#### Exercise details:
Please copy, exactly as they appear below, the lines from the one containing "Den största delen" through the one containing "Course dans la".

#### Extracted information:
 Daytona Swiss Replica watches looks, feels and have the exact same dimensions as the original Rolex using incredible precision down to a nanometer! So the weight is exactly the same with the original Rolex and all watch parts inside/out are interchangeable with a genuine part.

---

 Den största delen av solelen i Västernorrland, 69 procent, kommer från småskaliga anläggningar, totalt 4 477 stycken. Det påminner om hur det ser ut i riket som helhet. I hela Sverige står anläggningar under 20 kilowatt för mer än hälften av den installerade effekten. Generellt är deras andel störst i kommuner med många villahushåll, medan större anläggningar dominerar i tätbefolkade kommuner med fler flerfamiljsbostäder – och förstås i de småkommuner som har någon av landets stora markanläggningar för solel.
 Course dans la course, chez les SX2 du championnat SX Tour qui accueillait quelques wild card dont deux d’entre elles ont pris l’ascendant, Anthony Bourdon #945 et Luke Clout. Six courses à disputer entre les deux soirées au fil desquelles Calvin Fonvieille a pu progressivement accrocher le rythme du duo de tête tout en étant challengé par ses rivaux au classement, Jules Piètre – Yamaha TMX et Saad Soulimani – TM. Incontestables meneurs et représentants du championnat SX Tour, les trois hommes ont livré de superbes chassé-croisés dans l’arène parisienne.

#### Result of the exercise:
 Den största delen av solelen i Västernorrland, 69 procent, kommer från småskaliga anläggningar, totalt 4 477 stycken. Det påminner om hur det ser ut i riket som helhet. I hela Sverige står anläggningar under 20 kilowatt för mer än hälften av den installerade effekten. Generellt är deras andel störst i kommuner med många villahushåll, medan större anläggningar dominerar i tätbefolkade kommuner med fler flerfamiljsbostäder – och förstås i de småkommuner som har någon av landets stora markanläggningar för solel.
 Course dans la course, chez les SX2 du championnat SX Tour qui accueillait quelques wild card dont deux d’entre elles ont pris l’ascendant, Anthony Bourdon #945 et Luke Clout. Six courses à disputer entre les deux soirées au fil desquelles Calvin Fonvieille a pu progressivement accrocher le rythme du duo de tête tout en étant challengé par ses rivaux au classement, Jules Piètre – Yamaha TMX et Saad Soulimani – TM. Incontestables meneurs et représentants du championnat SX Tour, les trois hommes ont livré de superbes chassé-croisés dans l’arène parisienne.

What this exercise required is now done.